▸ EXERCISE OBJECTIVE: The lines to copy run from the one containing "EASY TO USE" to the very end of the records; give them exactly, and only them, without pictures.

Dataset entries
•••

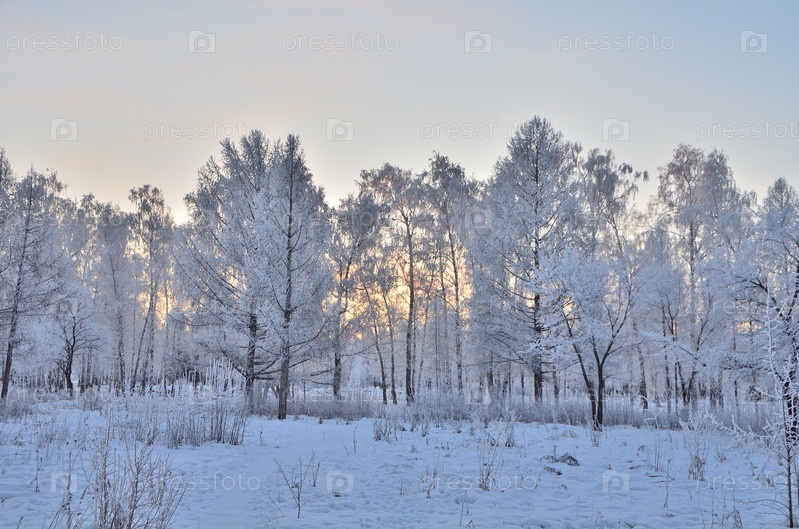 Деревья покрытые инеем в первых лучах солнца
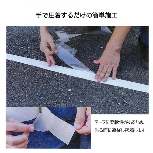 | 用途 | ・アスファルト面、コンクリート面への貼り付け ・駐車場の区画線、一般道路や工場構内の通行区分線 ・夜間や暗い所での安全表記に |
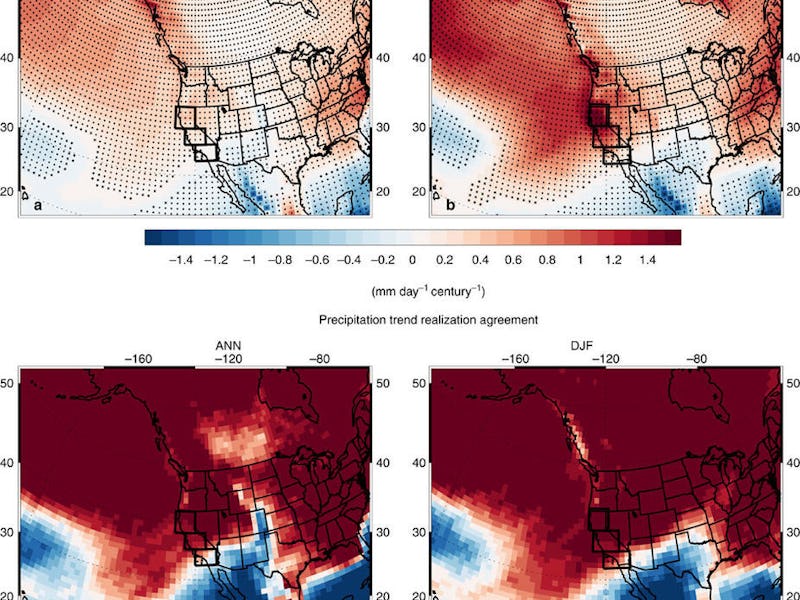 As the recent California drought showed, climate change has the terrifying ability to turn farmland into dustbowls and forests into kindling. But new research has come to the surprising conclusion that climate change will make most of California a whole lot wetter by the end of this century, suggesting that the cause of the state’s drought woes may also be the cure.
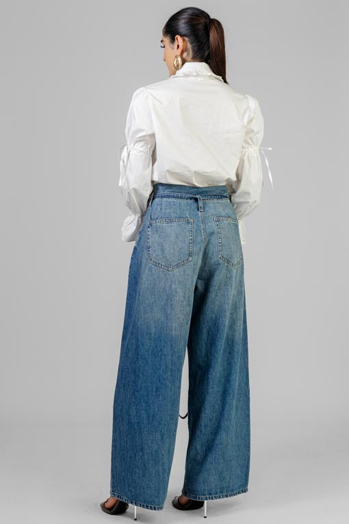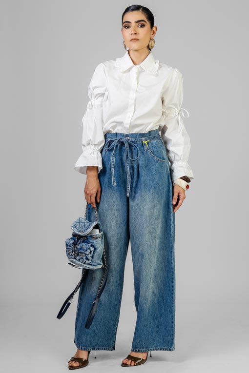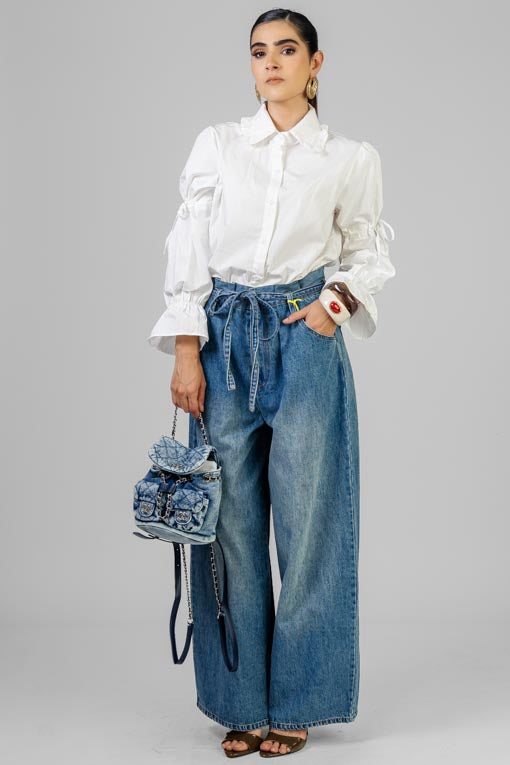 Camisa algodón cuello bebé, botones al frente, manga larga con élastico y jaretas, corte bajo recto
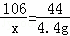 | 解答: | 解:①根據(jù)表中數(shù)據(jù)可得,第一次加入稀鹽酸充分反應(yīng)后,產(chǎn)生氣體二氧化碳的質(zhì)量為132g+25﹣155.2g=1.8g; ②樣品完全反應(yīng)時(shí),產(chǎn)生CO2的質(zhì)量為=132g+100g﹣227.6g=4.4g 設(shè)生成4.4gCO2,需碳酸鈉的質(zhì)量為x Na2CO3+2HCl═2NaCl+H2O+CO2↑ 106 44 x 4.4g
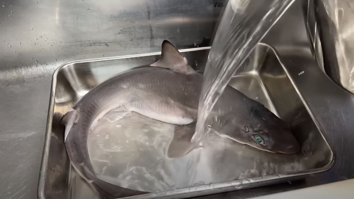 Được biết, đây là chú cá mập có được từ chuyến đi câu của gia đình Quỳnh Trần cùng người bạn. Trước đó, đoạn clip đi câu có một số hình ảnh khiến khán giả phản ứng, nhưng không quá kịch liệt.
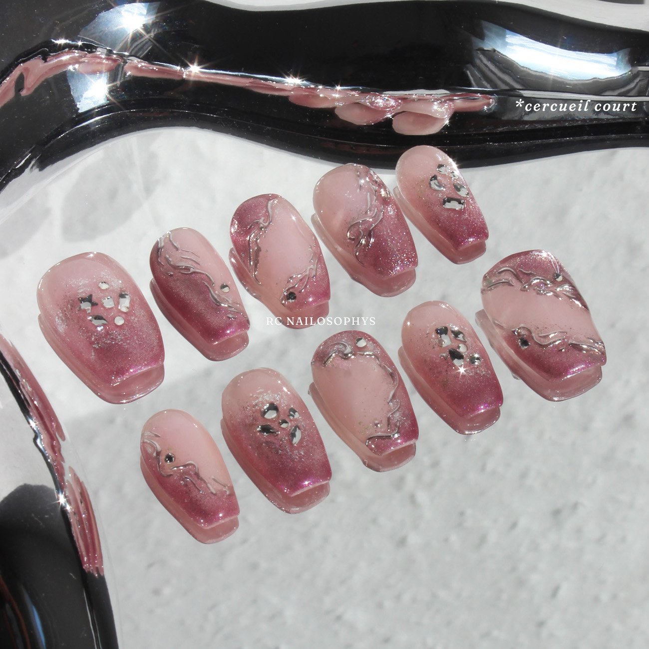 Comme le clair de lune capturé dans un battement de cœur, Pink Stardust scintille comme un ciel nocturne saupoudré de rose. Son éclat hypnotique en forme d’œil de chat est encadré de chrome argenté, avec des pierres précieuses qui dansent à chaque scintillement de lumière. Romantique, rayonnant et impossible à oublier, une lettre d’amour écrite dans les paillettes et les reflets. ˙⋆✮
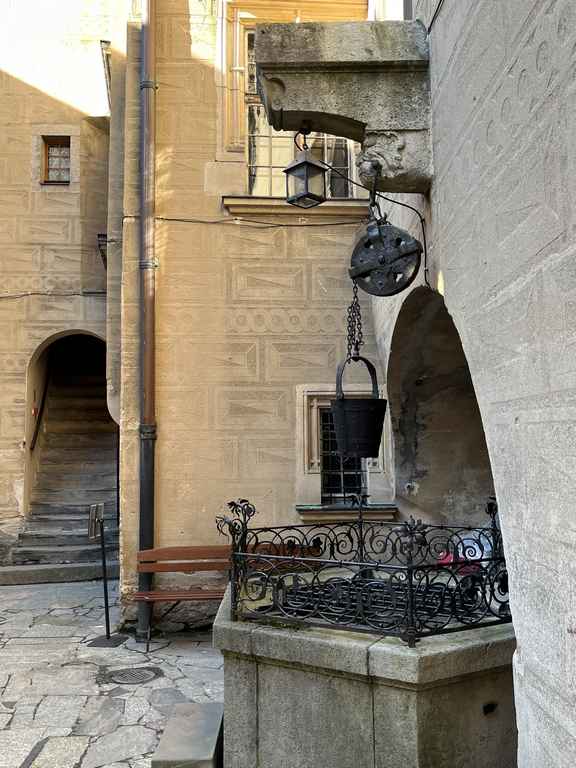 Stąd mamy już zaledwie 1 km czyli jakieś 17 minut spaceru do bramy zamku. Na miejsce docieramy dokładnie o godzinie 16:30. Meldujemy się w recepcji i odbieramy klucze do naszych pokoi.
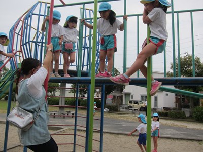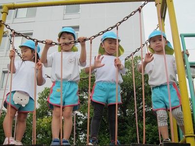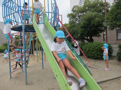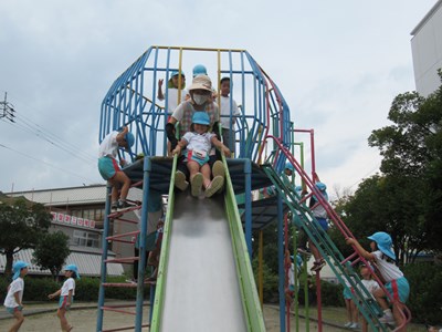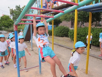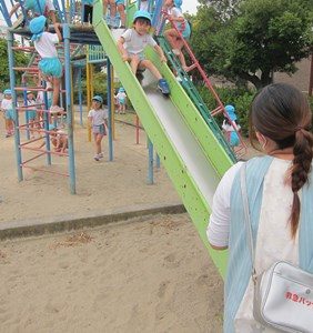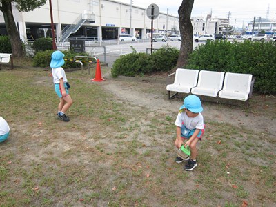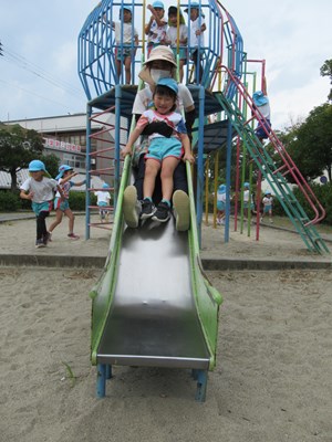 先日の年中組に続き、9月1日(水)には年長組の子ども達が『宇佐中公園』で身体をいっぱい動かして遊んできました。
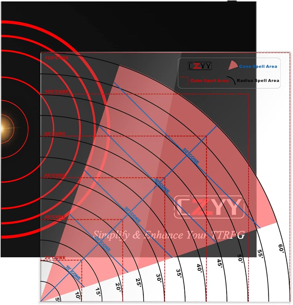 EASY TO USE & TRACK FOR SPELL - Each AOE Damage Template is laser cut from acrylic and printed with white paint to signifying the spell distance. The design of our templates allows you to place the templates into any scenario without having to move around too many miniatures and terrain pieces. Saving time with movement and spell casting!
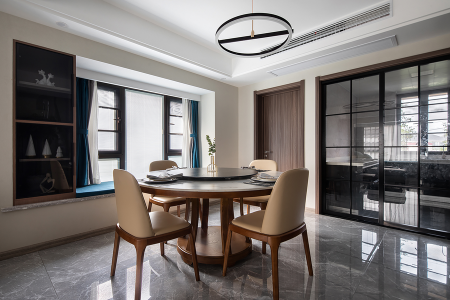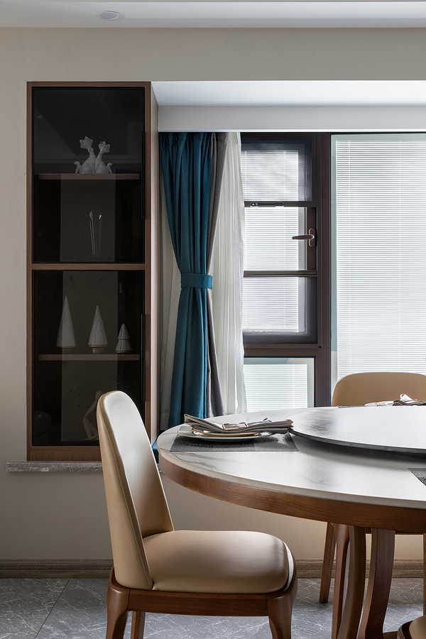 颜色浓度和谐整体的木质和蓝白相间的窗帘让空间质感更加丰富,整个空间的软装克制而高级,咖色实木圆桌搭配四把同类型的餐桌椅,颜色沉稳时尚,蔓延着主人的文艺情怀。
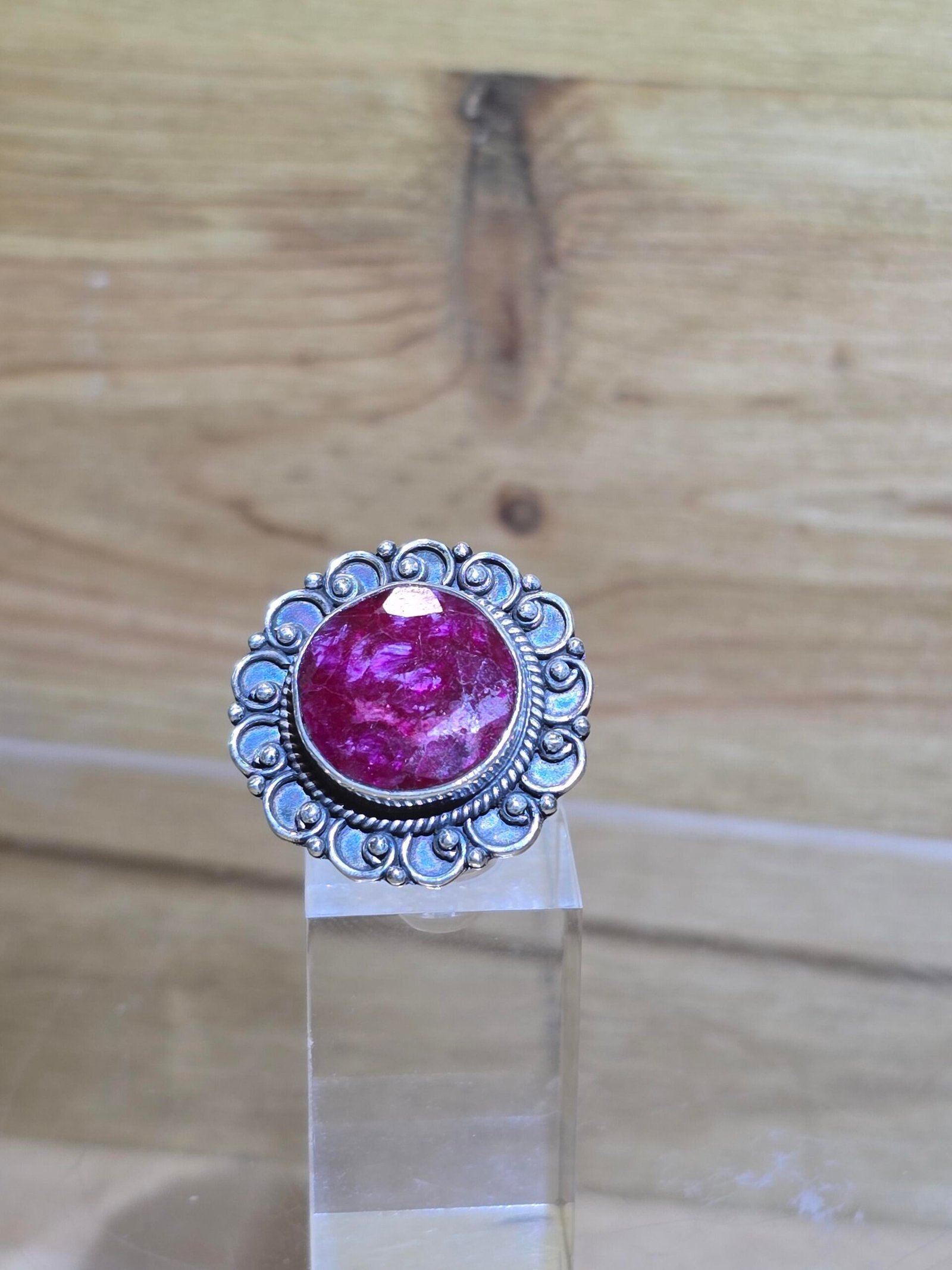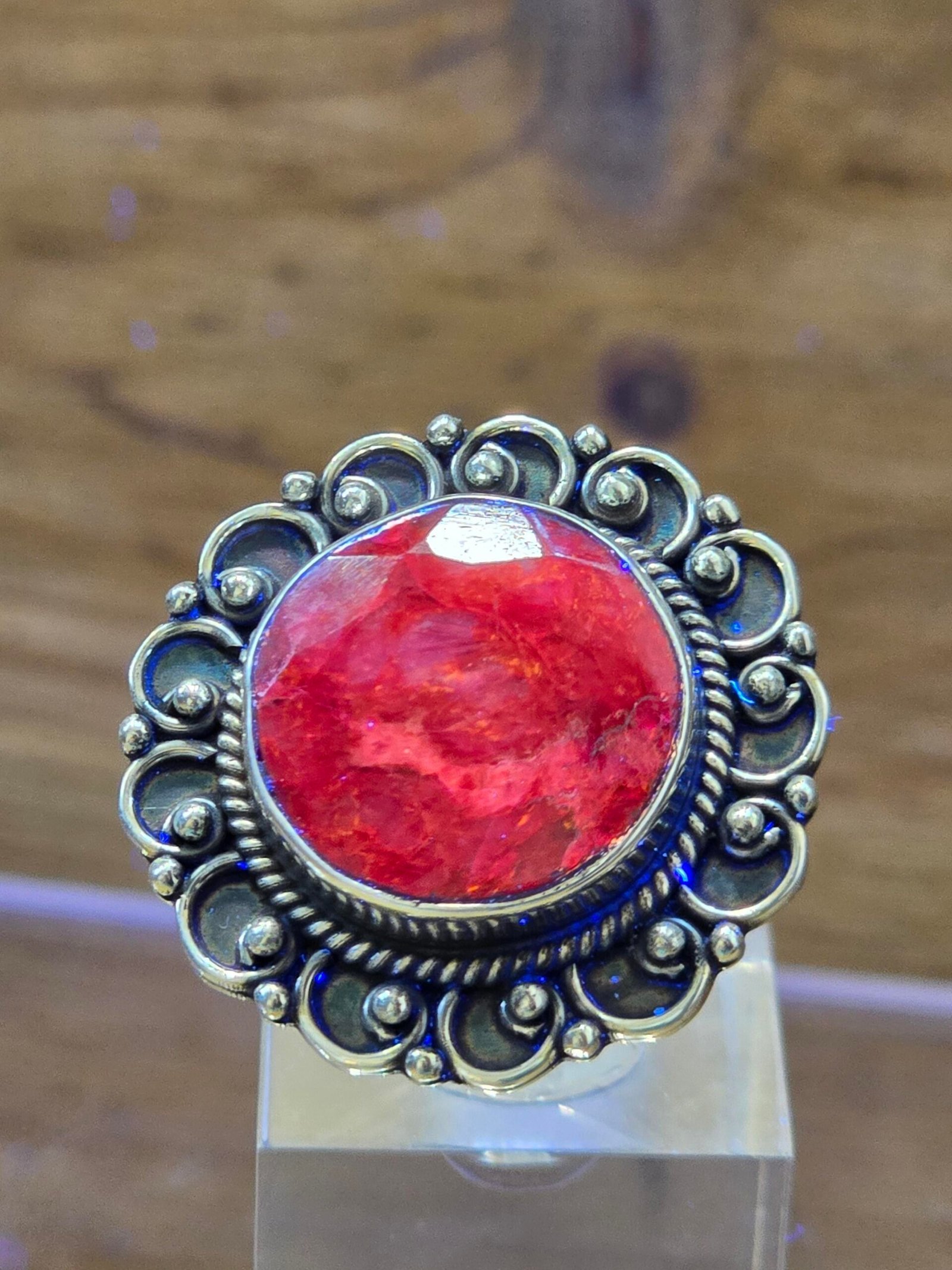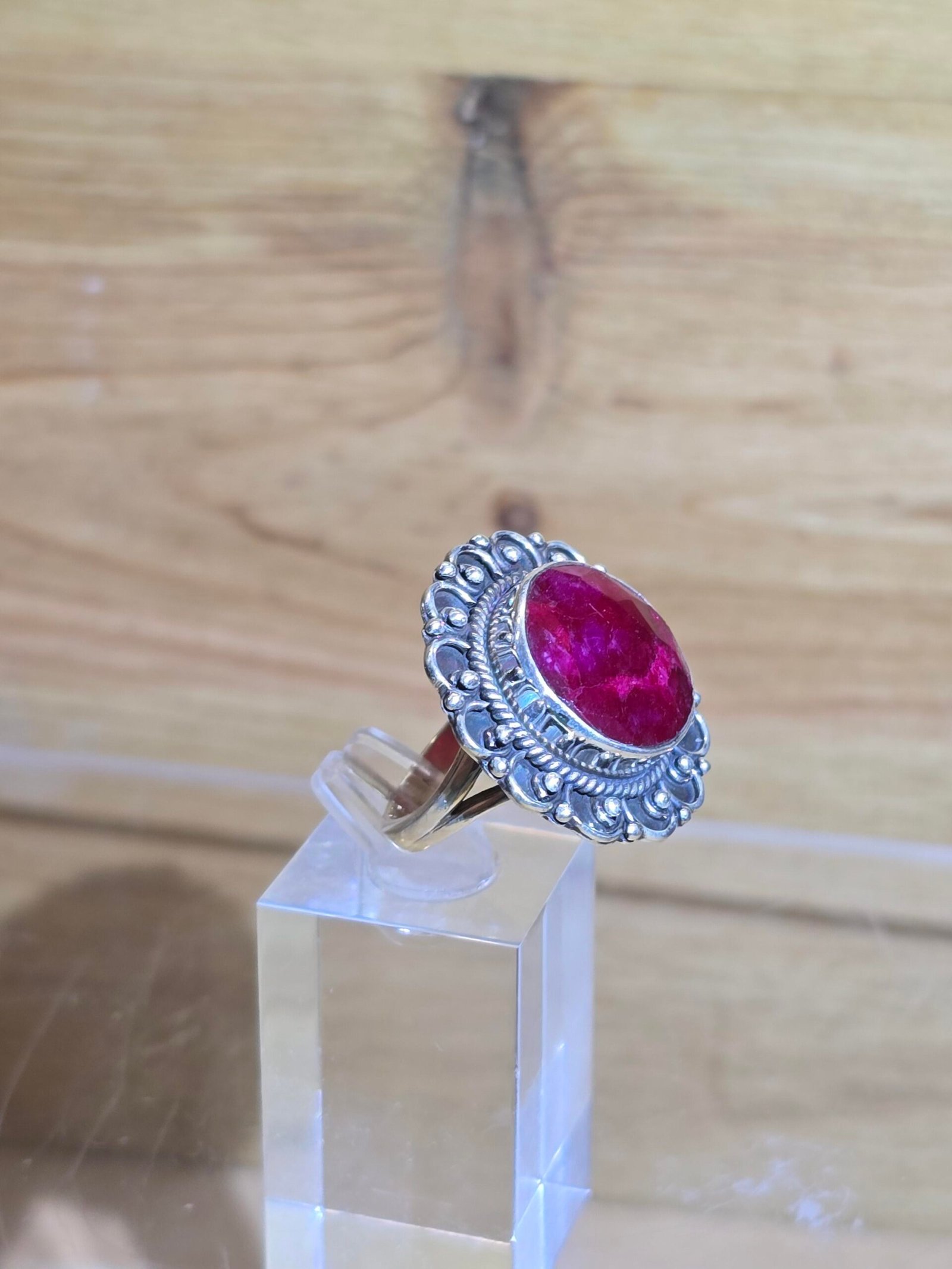 - El anillo combina rubi y plata envejecida para una combinación única. 🌟

•••

▸ TASK ANSWER:
 EASY TO USE & TRACK FOR SPELL - Each AOE Damage Template is laser cut from acrylic and printed with white paint to signifying the spell distance. The design of our templates allows you to place the templates into any scenario without having to move around too many miniatures and terrain pieces. Saving time with movement and spell casting!
 颜色浓度和谐整体的木质和蓝白相间的窗帘让空间质感更加丰富,整个空间的软装克制而高级,咖色实木圆桌搭配四把同类型的餐桌椅,颜色沉稳时尚,蔓延着主人的文艺情怀。
 - El anillo combina rubi y plata envejecida para una combinación única. 🌟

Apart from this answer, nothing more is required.